In India, board examinations refer to the public examinations that are conducted at the end of the 10th grade education (SSC), and at the end of the 12th grade education (HSC). The scores achieved in these exams are considered very important for getting into universities, professional courses or training programmes and other occupations

State Board Examinations
State board examinations are variously referred to as Madhyamik, Secondary State Certificate and Higher Secondary Certificate examinations. They are conducted and managed by education boards of different states in the country. They do not take place simultaneously due to the differences between syllabi and the examination itself. The examinations  generally held in the months of February and March, and the results are out in April and May as of 2022 for 10th and 12th.

Students have to apply for the examinations in November stating their personal details, subjects, and current educational status. Admit cards for the prescribed examination hall are received at the notified cell or their respective schools about 20–25 days prior to the commencement of the exam.

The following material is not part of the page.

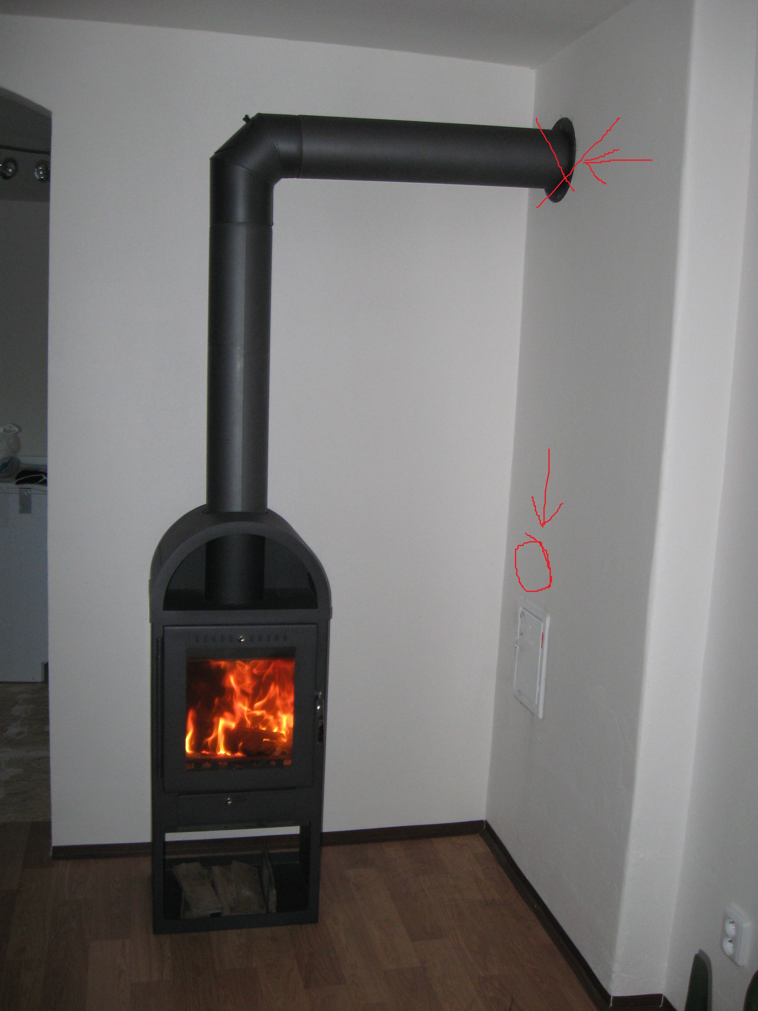 kamna budou mít průmě 130. Kamna jsou s teplovodním výměníkem a budou stát v obýváku a budou vzduchem vytapet 3 místnosti kde budou i radiátory s termohlavicemi. A další 4 místnosti budou jenom teplovodně. Proto co nejkratší kouřovod. Kdyby to nestačilo topit sálavě tak bych otevřel radiátory. Kamna budou mít horní vývod tak jak ty co jsou na obrázku. Bude to stejně zapojení kouřovodu akorát ho chci níž.

Examinations are offered for various fields. Class 10th students give exam in five core subjects which are Information Technology, English, Hindi/other languages of India (regional), Mathematics, Science and Social Studies. There is an option of choosing a sixth subject of your choice like Computer Science, Information Technology, Music, Fine Arts, Physical Education, Foreign Languages etc. Class 12th students have to choose one out of the three streams offered in schools which are Science, Commerce, and Humanities.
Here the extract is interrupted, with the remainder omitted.